Os textos desta página são cartas que M. escreve para um amigo que (acho) mora na Europa. Todos os dia de manhã, ela deposita um envelope embaixo da minha porta. Depois de encher as latas do condomínio de bolos de papel, desisti, e resolvi publicar algumas por aqui. Assim, quem sabe, podem algum dia atingir o seu destinatário... Renata Magdaleno

domingo, março 15, 2009

Dedos

Os dedos tocavam o teclado com delicadeza. Só dois. Os outros se armavam como se estivessem em alerta para alguma coisa, qualquer uma, talvez nenhuma, mas sempre alertas. Não procuravam letras, já sabiam o caminho e, além de delicados, eram ágeis, decididos. Nas mãos, unhas cuidadas, limpas, certas, provavelmente semanalmente lixadas. E as mesmas manchinhas cor de ferrugem que acompanhavam todo o corpo estavam ali também. Muito branca, uma pele que, em alguns pontos, dava a impressão de ser transparente, com o desenhos de veias azuis à mostra.

Agora, largavam o teclado e buscavam um livro, quer dizer, alguma coisa dentro de um livro. Viravam páginas com ansiedade e um dos dedos acompanhava linhas de letras, uma após outra. Foi uma operação que, pelo menos para mim, pareceu demorar horas. Dezenas de páginas viradas, talvez centenas, milhares (quem sabe?). Vi no momento exato em que acharam. Uma das mãos se encolheu sobre o papel, formando uma espécie de caracol com os dedos curvados, com dobrinhas gordas que desenhavam uma cara. Se mexesse a mão, a cara ganharia vida, falaria. Mas ele não deveria saber que aquela mão podia tanto.

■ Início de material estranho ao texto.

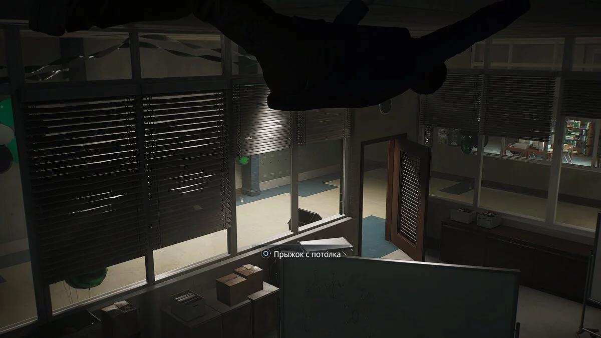 Если вы хотите и дальше действовать бесшумно — прыгайте на потолок и проникайте в соседнюю комнату. Любители открытого боя могут смело выбивать дверь.

Meus olhos iam pelo meio, viam tudo num entrepálpebras. Mas ainda vi quando o livro se fechou e elas se deixaram apoiar por instantes na capa dura. Depois, sumiram do meu campo de visão, deixando um vazio naquela cena: computador, livro, estojo com canetas coloridas. Tudo abandonado numa mesa agora sem função. Reapareceram ao meu lado, acariciando meu braço. Até me abraçarem e ficarem aí paradas. Os dedos gordos, as sardas vermelhas, as unhas cuidadas. Podia dormir em paz. E nada mais tinha importância.